_About this exercise_
Below this line are records; transcribe exactly the lines between the one holding "- This flex" and the one holding "Подчеркивая всасывающую чашку", inclusive, and omit the pictures.

_Records for this task_
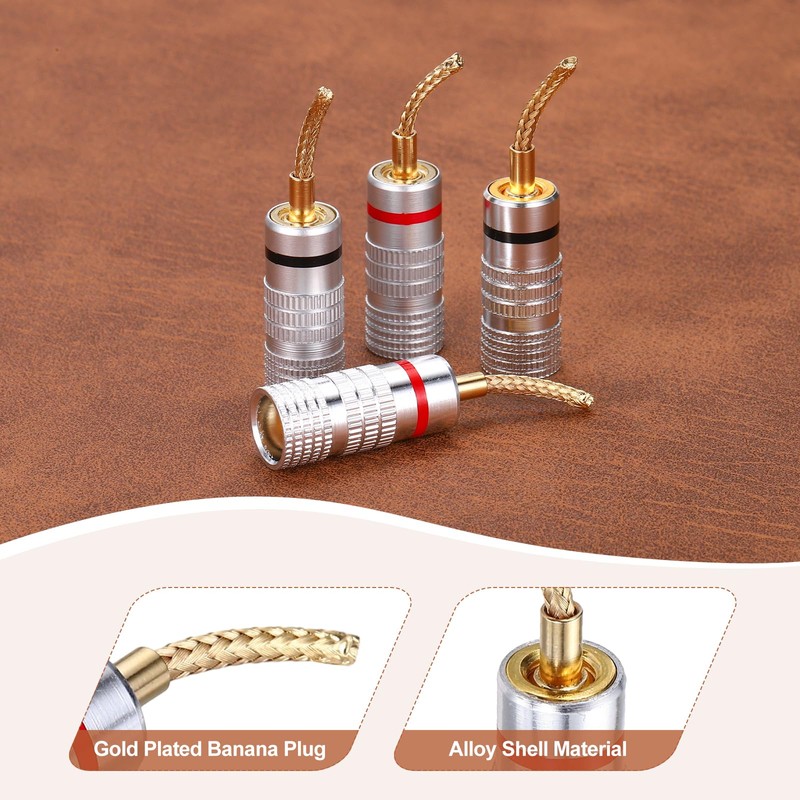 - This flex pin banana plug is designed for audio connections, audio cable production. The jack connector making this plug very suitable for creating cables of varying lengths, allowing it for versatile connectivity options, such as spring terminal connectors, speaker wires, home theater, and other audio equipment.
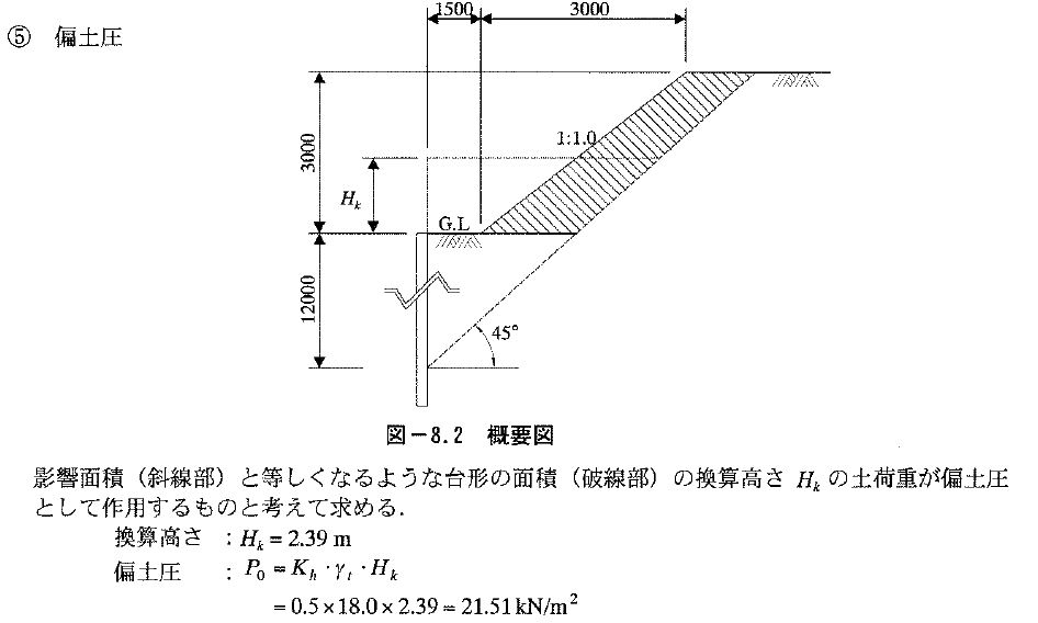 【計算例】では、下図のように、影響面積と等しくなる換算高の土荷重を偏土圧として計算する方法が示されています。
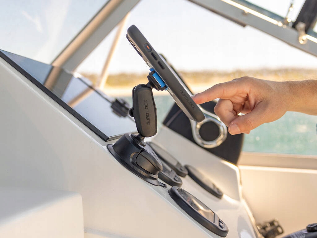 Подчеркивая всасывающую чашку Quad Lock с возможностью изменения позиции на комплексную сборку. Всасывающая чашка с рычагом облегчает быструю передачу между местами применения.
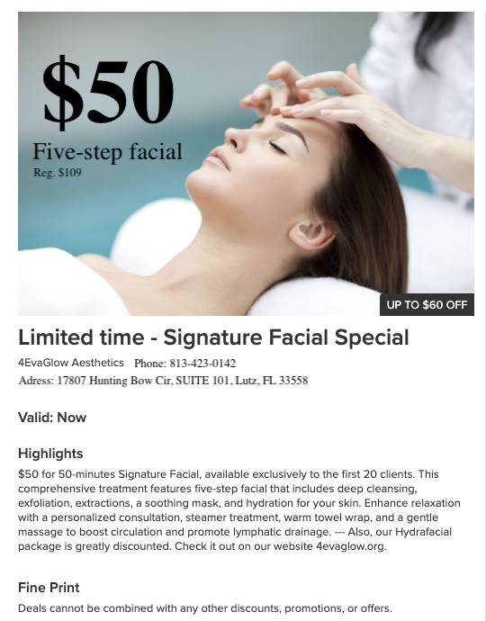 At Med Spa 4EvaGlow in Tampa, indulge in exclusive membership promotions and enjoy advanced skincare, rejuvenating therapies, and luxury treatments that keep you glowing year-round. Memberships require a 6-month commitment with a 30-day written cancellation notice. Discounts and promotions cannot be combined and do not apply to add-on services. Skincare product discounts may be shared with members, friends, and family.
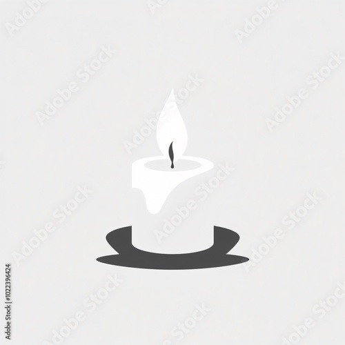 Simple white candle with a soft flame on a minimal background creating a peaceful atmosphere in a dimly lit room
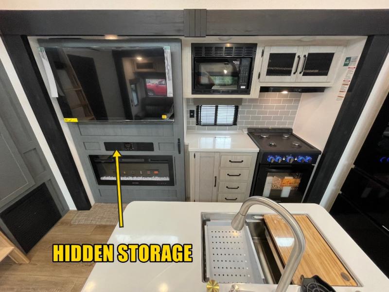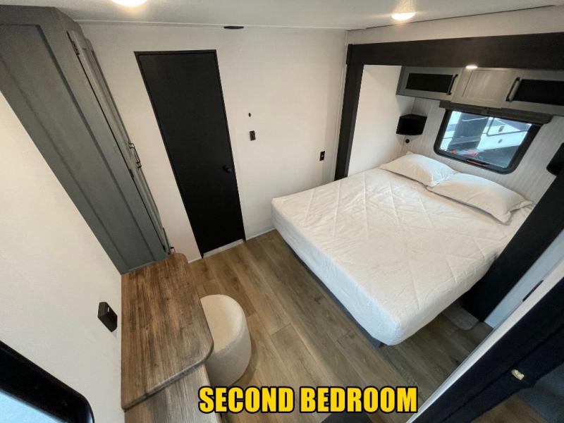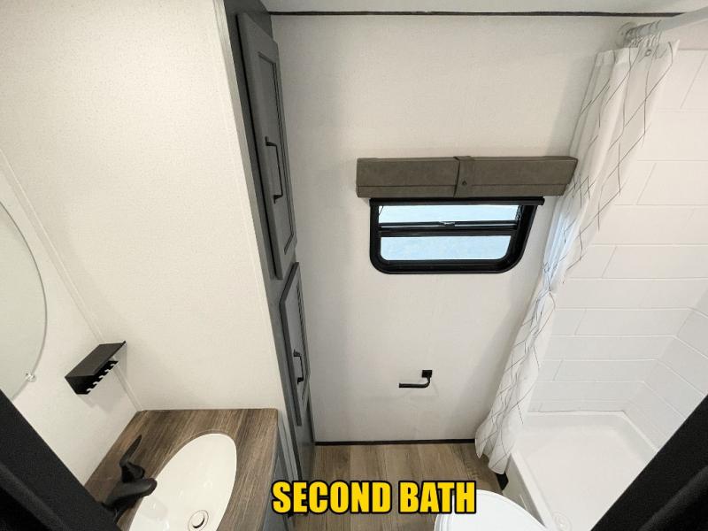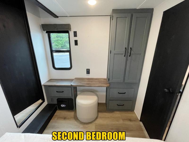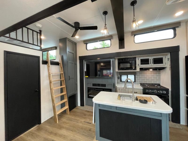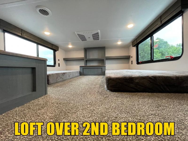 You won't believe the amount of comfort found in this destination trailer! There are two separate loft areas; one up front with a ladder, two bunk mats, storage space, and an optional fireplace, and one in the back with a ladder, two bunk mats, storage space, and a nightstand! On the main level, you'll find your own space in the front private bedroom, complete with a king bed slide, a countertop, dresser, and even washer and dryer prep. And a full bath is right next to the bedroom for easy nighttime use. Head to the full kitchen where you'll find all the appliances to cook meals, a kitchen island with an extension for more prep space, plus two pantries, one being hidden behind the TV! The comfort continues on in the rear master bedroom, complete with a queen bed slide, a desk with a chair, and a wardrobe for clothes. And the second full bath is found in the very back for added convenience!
* * *
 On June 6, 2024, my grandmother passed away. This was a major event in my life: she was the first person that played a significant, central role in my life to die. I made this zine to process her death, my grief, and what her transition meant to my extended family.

_Exercise answer_
 - This flex pin banana plug is designed for audio connections, audio cable production. The jack connector making this plug very suitable for creating cables of varying lengths, allowing it for versatile connectivity options, such as spring terminal connectors, speaker wires, home theater, and other audio equipment.
 【計算例】では、下図のように、影響面積と等しくなる換算高の土荷重を偏土圧として計算する方法が示されています。
 Подчеркивая всасывающую чашку Quad Lock с возможностью изменения позиции на комплексную сборку. Всасывающая чашка с рычагом облегчает быструю передачу между местами применения.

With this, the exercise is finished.